Recorded information
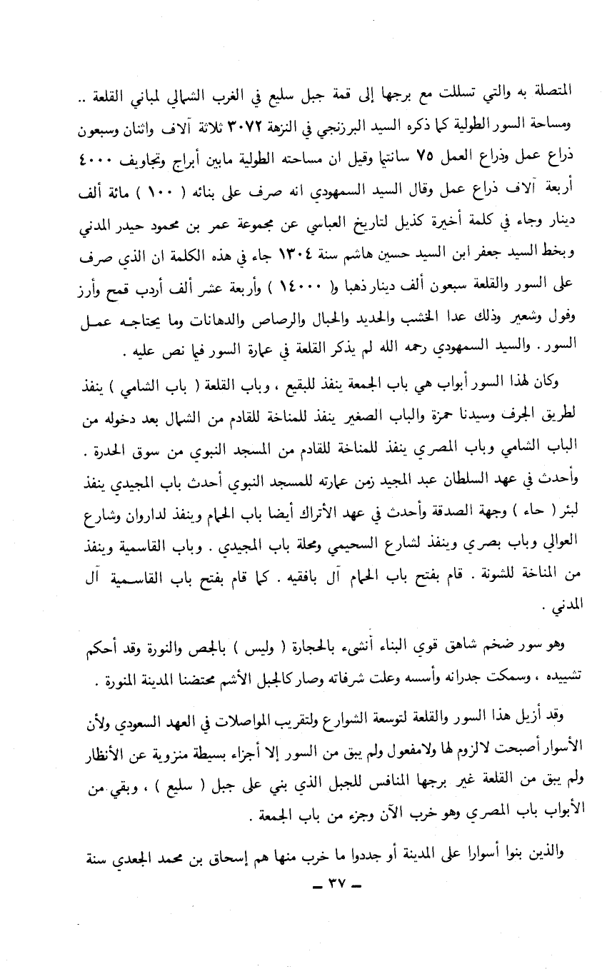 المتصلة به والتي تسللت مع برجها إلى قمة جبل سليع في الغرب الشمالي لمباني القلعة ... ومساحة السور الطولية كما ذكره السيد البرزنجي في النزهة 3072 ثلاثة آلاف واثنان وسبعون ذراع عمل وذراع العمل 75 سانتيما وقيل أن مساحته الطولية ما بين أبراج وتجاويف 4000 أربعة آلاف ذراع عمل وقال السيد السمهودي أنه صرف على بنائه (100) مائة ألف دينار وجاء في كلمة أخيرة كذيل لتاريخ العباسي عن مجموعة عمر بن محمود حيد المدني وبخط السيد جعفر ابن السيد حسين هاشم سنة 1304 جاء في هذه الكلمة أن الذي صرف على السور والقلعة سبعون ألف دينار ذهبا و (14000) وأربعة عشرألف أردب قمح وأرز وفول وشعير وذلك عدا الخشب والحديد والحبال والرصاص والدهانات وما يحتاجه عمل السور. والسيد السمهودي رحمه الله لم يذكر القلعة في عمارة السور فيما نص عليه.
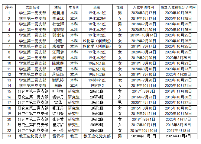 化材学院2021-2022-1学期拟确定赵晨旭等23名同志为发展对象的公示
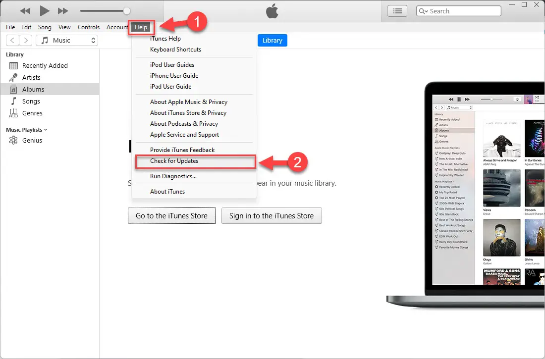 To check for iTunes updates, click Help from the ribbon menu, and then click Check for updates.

How to complete this task
Give back the data verbatim. The pictures are not part of the copy.

Solution for this problem
 المتصلة به والتي تسللت مع برجها إلى قمة جبل سليع في الغرب الشمالي لمباني القلعة ... ومساحة السور الطولية كما ذكره السيد البرزنجي في النزهة 3072 ثلاثة آلاف واثنان وسبعون ذراع عمل وذراع العمل 75 سانتيما وقيل أن مساحته الطولية ما بين أبراج وتجاويف 4000 أربعة آلاف ذراع عمل وقال السيد السمهودي أنه صرف على بنائه (100) مائة ألف دينار وجاء في كلمة أخيرة كذيل لتاريخ العباسي عن مجموعة عمر بن محمود حيد المدني وبخط السيد جعفر ابن السيد حسين هاشم سنة 1304 جاء في هذه الكلمة أن الذي صرف على السور والقلعة سبعون ألف دينار ذهبا و (14000) وأربعة عشرألف أردب قمح وأرز وفول وشعير وذلك عدا الخشب والحديد والحبال والرصاص والدهانات وما يحتاجه عمل السور. والسيد السمهودي رحمه الله لم يذكر القلعة في عمارة السور فيما نص عليه.
 化材学院2021-2022-1学期拟确定赵晨旭等23名同志为发展对象的公示
 To check for iTunes updates, click Help from the ribbon menu, and then click Check for updates.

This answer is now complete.